== Available records
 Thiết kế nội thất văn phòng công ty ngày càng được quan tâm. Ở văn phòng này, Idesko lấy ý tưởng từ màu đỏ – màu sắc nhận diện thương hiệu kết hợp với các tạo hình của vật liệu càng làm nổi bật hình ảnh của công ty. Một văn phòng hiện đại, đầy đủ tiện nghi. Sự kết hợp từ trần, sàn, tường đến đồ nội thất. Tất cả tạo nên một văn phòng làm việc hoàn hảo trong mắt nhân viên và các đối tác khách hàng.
====
== Available records
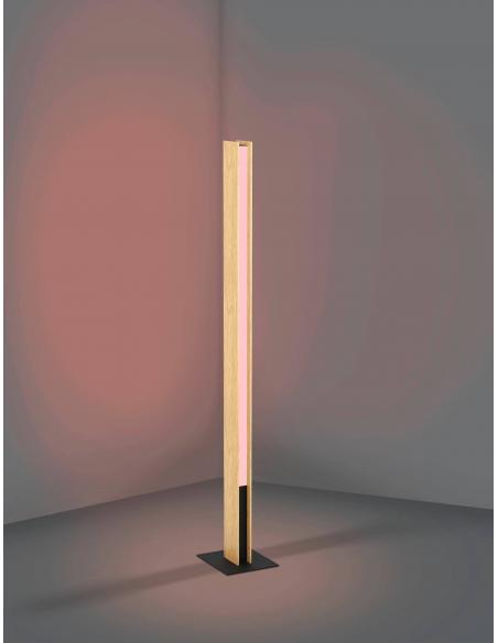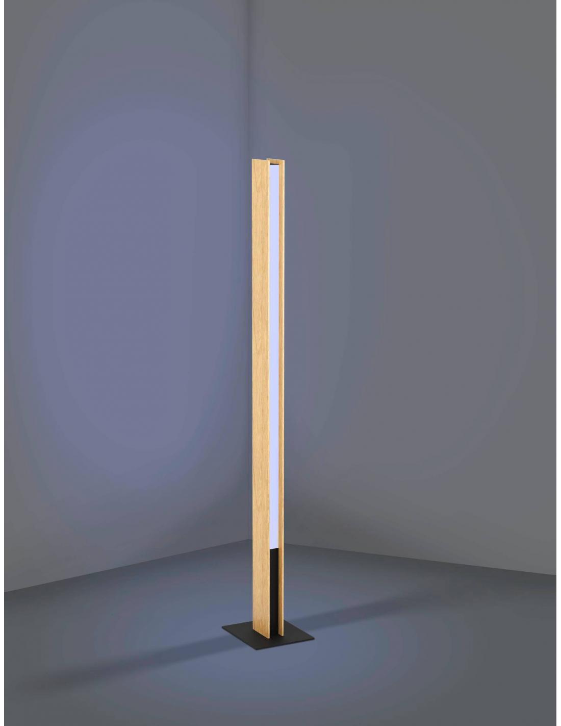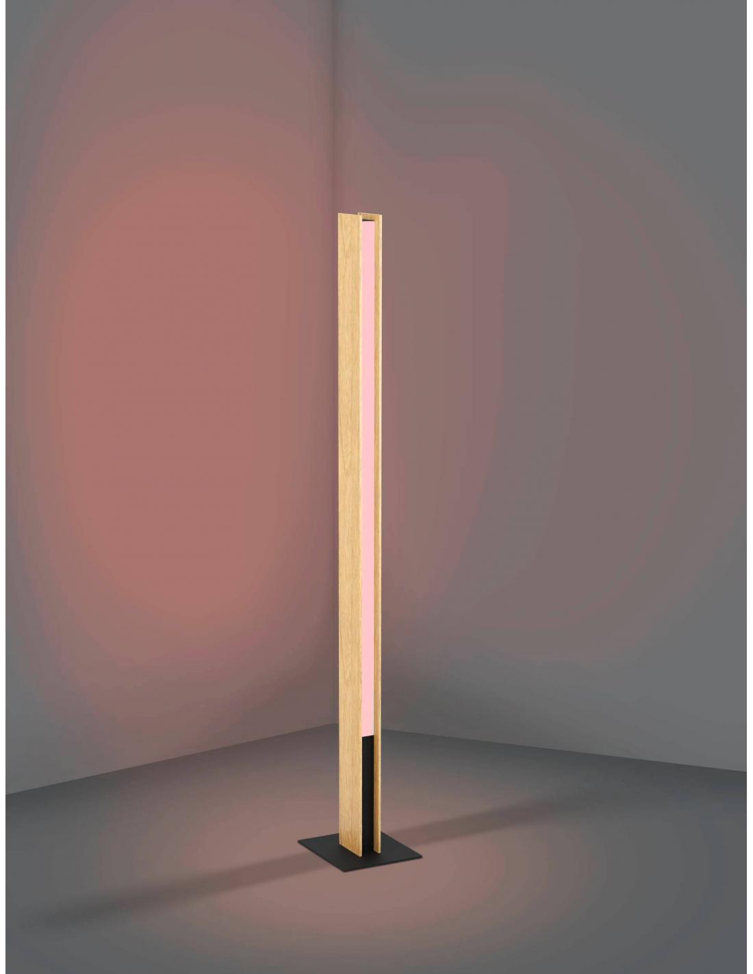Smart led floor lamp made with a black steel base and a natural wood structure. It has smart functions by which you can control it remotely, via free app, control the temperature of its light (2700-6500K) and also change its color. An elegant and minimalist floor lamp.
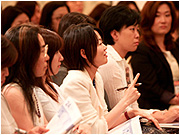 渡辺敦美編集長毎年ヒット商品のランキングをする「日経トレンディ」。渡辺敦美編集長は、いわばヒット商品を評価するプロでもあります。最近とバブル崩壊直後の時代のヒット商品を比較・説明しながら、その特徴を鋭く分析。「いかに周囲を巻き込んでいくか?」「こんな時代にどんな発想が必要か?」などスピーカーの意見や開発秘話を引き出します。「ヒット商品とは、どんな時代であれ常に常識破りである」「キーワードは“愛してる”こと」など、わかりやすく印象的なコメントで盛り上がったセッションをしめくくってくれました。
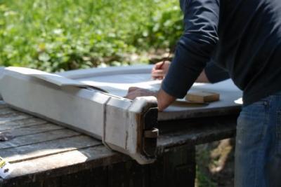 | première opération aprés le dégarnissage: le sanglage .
====
== Available records
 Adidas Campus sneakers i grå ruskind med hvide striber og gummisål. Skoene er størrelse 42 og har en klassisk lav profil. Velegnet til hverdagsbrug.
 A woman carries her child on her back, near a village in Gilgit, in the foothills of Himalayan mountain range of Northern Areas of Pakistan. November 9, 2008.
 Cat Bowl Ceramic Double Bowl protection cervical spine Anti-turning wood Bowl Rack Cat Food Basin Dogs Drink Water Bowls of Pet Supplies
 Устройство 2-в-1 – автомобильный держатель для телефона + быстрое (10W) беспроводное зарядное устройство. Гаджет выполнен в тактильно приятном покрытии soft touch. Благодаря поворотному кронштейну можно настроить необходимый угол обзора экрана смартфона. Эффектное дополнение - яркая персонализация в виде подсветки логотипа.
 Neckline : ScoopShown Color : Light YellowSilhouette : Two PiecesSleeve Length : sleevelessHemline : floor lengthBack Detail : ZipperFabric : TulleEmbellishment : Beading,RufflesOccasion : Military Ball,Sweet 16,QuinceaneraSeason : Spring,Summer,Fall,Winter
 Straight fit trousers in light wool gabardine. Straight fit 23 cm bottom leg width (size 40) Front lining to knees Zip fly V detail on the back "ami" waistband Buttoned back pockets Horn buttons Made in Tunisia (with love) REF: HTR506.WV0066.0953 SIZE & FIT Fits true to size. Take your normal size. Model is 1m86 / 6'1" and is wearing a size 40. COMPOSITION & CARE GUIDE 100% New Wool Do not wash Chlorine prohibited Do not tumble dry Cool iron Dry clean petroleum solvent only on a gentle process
====
▶ _What needs to be done_:
The answer must be the lines above from the one containing "Smart led floor" through the one containing "渡辺敦美編集長毎年ヒット商品", reproduced exactly, with no pictures and nothing else.

▶ _Answer section_:
Smart led floor lamp made with a black steel base and a natural wood structure. It has smart functions by which you can control it remotely, via free app, control the temperature of its light (2700-6500K) and also change its color. An elegant and minimalist floor lamp.
 渡辺敦美編集長毎年ヒット商品のランキングをする「日経トレンディ」。渡辺敦美編集長は、いわばヒット商品を評価するプロでもあります。最近とバブル崩壊直後の時代のヒット商品を比較・説明しながら、その特徴を鋭く分析。「いかに周囲を巻き込んでいくか?」「こんな時代にどんな発想が必要か?」などスピーカーの意見や開発秘話を引き出します。「ヒット商品とは、どんな時代であれ常に常識破りである」「キーワードは“愛してる”こと」など、わかりやすく印象的なコメントで盛り上がったセッションをしめくくってくれました。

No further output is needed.